After weeks of practice, we agreed to meet so he could gauge how things were going.
I don’t remember all of the details. I don’t know what time we met exactly, and I can’t remember the name of the school where he taught at that time. But, I remember the important things.
We met in the theater at his school. I had my tape of the music, and I stood on the stage alone, the rest of the room darkened, and Mr. Kirkman stood in the aisle. I couldn’t get my courage to even start. He encouraged me, coaxed me, and finally bellowed from the aisle for me to go already.
The music started and my heart was pounding so loud, I was positive he could hear it across the room. The first words came out soft, but clear, and if not perfect, better than I had ever sung before.
I will never forget his expression with just those first notes. It was happiness, some surprise, and pride. With every word my voice got stronger, louder, and clearer. He was jumping around in the aisle, so excited for me. In that moment I realized that I might be capable of so many things that I had thought impossible, if I could just believe in myself. It was an incredibly powerful moment in my life.
When I hit the last note, Mr. Kirkman asked me, with great exuberance, What are you going to do if they offer you the lead? I giggled and found myself dancing around in place. I answered him, I guess I’ll take it!
I did in fact get offered the lead in one musical that summer, and one of four lead roles in another.
The reason that moment-- when I found my voice-- was so important was not only because I learned I could sing and realized a dream. It was significant because this thing that I had grown to believe as a FACT for my whole life- that I could NOT sing- was reversed in a matter of weeks by someone believing in me, and making me believe in myself. I had this talent all along, and the ONLY thing holding me back was negative words I was taking to heart and turning into my own beliefs. My whole world got turned upside down that day. I suddenly realized that a million other things I thought were impossible for me might be within my grasp.

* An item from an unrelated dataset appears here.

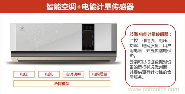 “比如智能空調(diào)”,王偉表示,“由芯??萍纪瞥龅碾娔苡嬃?a target="_blank" style="text-decoration:none;" >傳感器,不僅可以監(jiān)測用電量,幫助用戶實現(xiàn)家庭能源管理,還可以實時監(jiān)測設(shè)備的電壓、電流、功率及區(qū)域電網(wǎng)質(zhì)量,搭配我們與客戶共同研發(fā)的故障模型,從而完成對空調(diào)故障、制冷、漏水、固件損壞的預(yù)判,針對性為用戶提供售后服務(wù)。”

Mr. Kirkman and I remain in touch and friends to this day. And though I sense he knows some of the impact he has made on my life—I have thanked him for many things—I doubt he knows the full picture. With every note I sang on stage that summer, I found another piece of me. I would stand in the wings each night before a scene and have to pinch myself, that I- me!- was doing this amazing thing I never thought in a million years I could ever do.
And from then on and to this day, when I start to hear doubt creeping in my mind about something I want to try or do, I close my eyes and take myself back to that day in that high school theater, just as the music started, and I find my voice all over again.